- [TASK STATEMENT]
Among the lines of the records below, copy those that hold the word "with".

- [INPUT RECORDS]
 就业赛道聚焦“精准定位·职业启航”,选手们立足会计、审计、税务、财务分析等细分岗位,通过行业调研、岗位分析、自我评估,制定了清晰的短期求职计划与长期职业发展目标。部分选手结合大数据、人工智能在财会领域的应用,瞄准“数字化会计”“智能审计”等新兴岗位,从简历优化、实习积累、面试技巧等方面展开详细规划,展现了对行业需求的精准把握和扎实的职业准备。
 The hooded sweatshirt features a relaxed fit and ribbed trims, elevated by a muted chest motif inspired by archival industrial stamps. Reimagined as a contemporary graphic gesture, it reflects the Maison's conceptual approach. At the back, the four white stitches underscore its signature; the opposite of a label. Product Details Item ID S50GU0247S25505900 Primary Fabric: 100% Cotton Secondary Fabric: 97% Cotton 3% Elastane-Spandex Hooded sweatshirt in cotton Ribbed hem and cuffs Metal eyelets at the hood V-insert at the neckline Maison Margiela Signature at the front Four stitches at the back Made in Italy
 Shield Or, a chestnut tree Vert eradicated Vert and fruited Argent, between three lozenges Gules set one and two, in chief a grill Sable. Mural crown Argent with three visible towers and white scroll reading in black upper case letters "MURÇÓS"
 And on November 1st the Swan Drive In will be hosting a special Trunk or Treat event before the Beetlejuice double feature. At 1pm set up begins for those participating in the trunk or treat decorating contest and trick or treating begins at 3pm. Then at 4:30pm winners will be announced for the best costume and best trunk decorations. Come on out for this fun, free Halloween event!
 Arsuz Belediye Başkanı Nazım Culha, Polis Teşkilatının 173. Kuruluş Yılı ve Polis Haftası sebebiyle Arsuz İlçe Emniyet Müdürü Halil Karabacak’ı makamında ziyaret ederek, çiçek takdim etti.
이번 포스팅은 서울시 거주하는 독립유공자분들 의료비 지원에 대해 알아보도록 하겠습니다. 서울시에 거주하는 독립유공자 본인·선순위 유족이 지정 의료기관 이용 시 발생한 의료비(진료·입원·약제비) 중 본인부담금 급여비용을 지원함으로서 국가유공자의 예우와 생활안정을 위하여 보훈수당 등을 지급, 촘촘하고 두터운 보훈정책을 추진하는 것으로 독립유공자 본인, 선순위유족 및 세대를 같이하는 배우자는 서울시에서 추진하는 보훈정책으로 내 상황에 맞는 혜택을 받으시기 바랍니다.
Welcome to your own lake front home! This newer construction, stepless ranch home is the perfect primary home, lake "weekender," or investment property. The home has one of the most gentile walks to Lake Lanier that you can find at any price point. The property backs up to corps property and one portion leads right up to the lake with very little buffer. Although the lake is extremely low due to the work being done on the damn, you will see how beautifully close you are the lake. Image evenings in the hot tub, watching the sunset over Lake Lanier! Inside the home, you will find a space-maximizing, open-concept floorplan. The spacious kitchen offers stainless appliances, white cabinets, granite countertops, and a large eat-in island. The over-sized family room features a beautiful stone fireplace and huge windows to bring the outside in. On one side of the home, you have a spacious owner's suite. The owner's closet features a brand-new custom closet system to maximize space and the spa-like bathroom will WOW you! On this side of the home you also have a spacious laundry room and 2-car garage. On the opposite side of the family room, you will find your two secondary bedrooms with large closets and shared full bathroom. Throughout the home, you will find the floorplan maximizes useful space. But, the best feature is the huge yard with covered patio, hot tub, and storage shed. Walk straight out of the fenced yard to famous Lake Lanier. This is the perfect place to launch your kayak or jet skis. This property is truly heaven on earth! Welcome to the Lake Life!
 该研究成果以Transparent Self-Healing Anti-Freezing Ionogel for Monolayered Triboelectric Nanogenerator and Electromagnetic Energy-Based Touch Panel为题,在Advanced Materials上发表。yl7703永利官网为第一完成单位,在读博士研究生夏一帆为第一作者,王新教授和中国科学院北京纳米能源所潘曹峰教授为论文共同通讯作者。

--

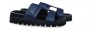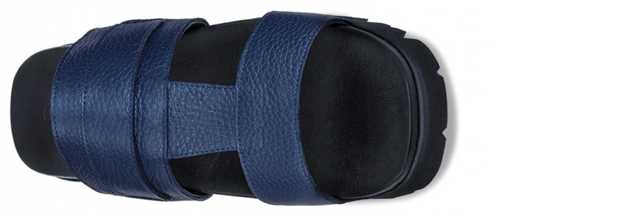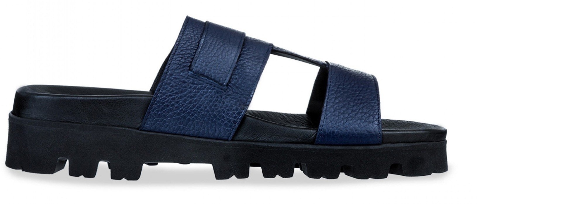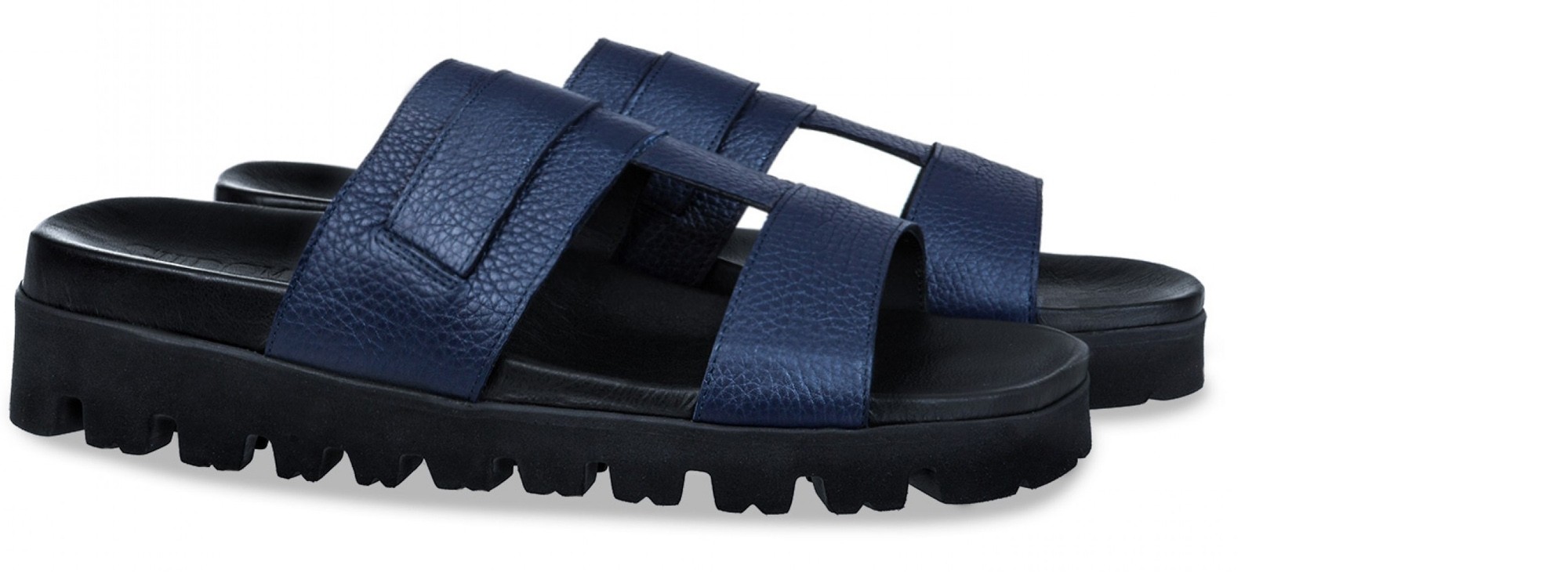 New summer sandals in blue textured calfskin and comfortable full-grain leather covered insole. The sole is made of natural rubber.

- [SOLUTION]
 Shield Or, a chestnut tree Vert eradicated Vert and fruited Argent, between three lozenges Gules set one and two, in chief a grill Sable. Mural crown Argent with three visible towers and white scroll reading in black upper case letters "MURÇÓS"
Welcome to your own lake front home! This newer construction, stepless ranch home is the perfect primary home, lake "weekender," or investment property. The home has one of the most gentile walks to Lake Lanier that you can find at any price point. The property backs up to corps property and one portion leads right up to the lake with very little buffer. Although the lake is extremely low due to the work being done on the damn, you will see how beautifully close you are the lake. Image evenings in the hot tub, watching the sunset over Lake Lanier! Inside the home, you will find a space-maximizing, open-concept floorplan. The spacious kitchen offers stainless appliances, white cabinets, granite countertops, and a large eat-in island. The over-sized family room features a beautiful stone fireplace and huge windows to bring the outside in. On one side of the home, you have a spacious owner's suite. The owner's closet features a brand-new custom closet system to maximize space and the spa-like bathroom will WOW you! On this side of the home you also have a spacious laundry room and 2-car garage. On the opposite side of the family room, you will find your two secondary bedrooms with large closets and shared full bathroom. Throughout the home, you will find the floorplan maximizes useful space. But, the best feature is the huge yard with covered patio, hot tub, and storage shed. Walk straight out of the fenced yard to famous Lake Lanier. This is the perfect place to launch your kayak or jet skis. This property is truly heaven on earth! Welcome to the Lake Life!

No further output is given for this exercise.